Un peu plus de 300 PNC inopérants d’ici octobre

A ce stade, la Air Mauritius Cabin Crew Association (AMCCA), le syndicat des PNC n’en a pas fait un sujet de contentieux avec Grant Thornton. Selon nos renseignements, le syndicat a bien évoqué le problème avec les administrateurs. Nos sources indiquent que le syndicat a fait remarquer aux administrateurs de Grant Thornton que, même s’ils entamaient un programme de mise-à-niveau dès maintenant, Air Mauritius n’aura toujours pas mis l’ensemble de ses PNC en règle d’ici le mois d’octobre. En temps normal, la formation est dispensée à quelques 75 PNC chaque mois. Selon nos renseignements, il y avait déjà 86 PNC en NWP au mois dernier. Au mois d’octobre, les administrateurs devraient se retrouver avec quelques 300 PNC sans certificat de compétences pour monter à bord !

S’il n’y a pas de contentieux, c’est fort probablement parce que l’exécutif du syndicat, et de même tous les observateurs sérieux de l’impact économique des décisions de Satar Abdoula et Arvindsingh K. Gokhool, réalisent que ces derniers ont refermé le piège sur eux. En effet, avec la mise à la retraite de ceux qui ont atteint 33,33 années de service, MK ne dispose que d’un peu plus de 400 PNC. Par ailleurs, Satar Abdoula s’est tiré encore une balle dans les pieds en proposant quelques 220 contrats individuels avant la finalisation de l’accord collectif avec le syndicat. Or, nonobstant la possibilité que les contrats soient éventuellement attaqués pour vice de consentement, il s’avère que les administrateurs ont proposé ces nouveaux contrats de travail indistinctement à ceux qui sont en règle comme à ceux dont les licences sont en attente de renouvellement. Comme nous l’avons déjà annoncé, les administrateurs avaient mis la date butoir pour la signature du contrat deux jours avant la tenue de l’assemblée générale de l’AMCCA mettant dans l’embarras l’exécutif du syndicat et sa présidente en particulier.

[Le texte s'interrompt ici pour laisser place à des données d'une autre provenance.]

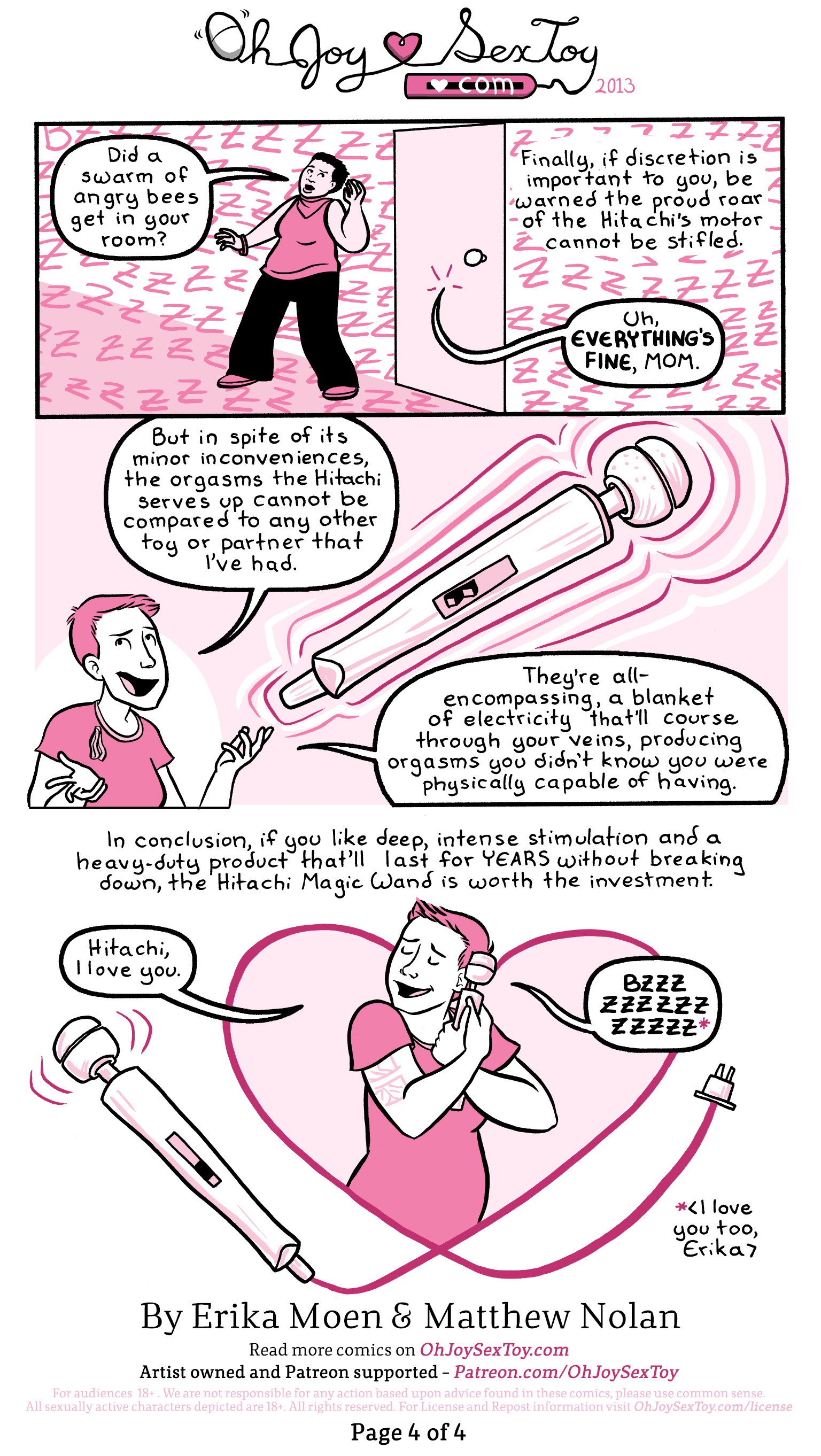Erika ends the comic surrounded by a heart shaped panel made from the cord of the magic wand. She says, “Hitachi, I love you,” as she gives it a tight hug. The wand buzzes back a sweet, “I love you too, Erika”.

Les régulateurs de l’aviation civile sont, pour leur part, très préoccupés du fait que les responsables opérationnels des vols d’Air Mauritius n’ont toujours pas pris de dispositions jusqu’ici pour se conformer à la réglementation internationale. Sous administration ou pas, Air Mauritius ne peut permettre à ses administrateurs de déroger aux normes de la sécurité aérienne.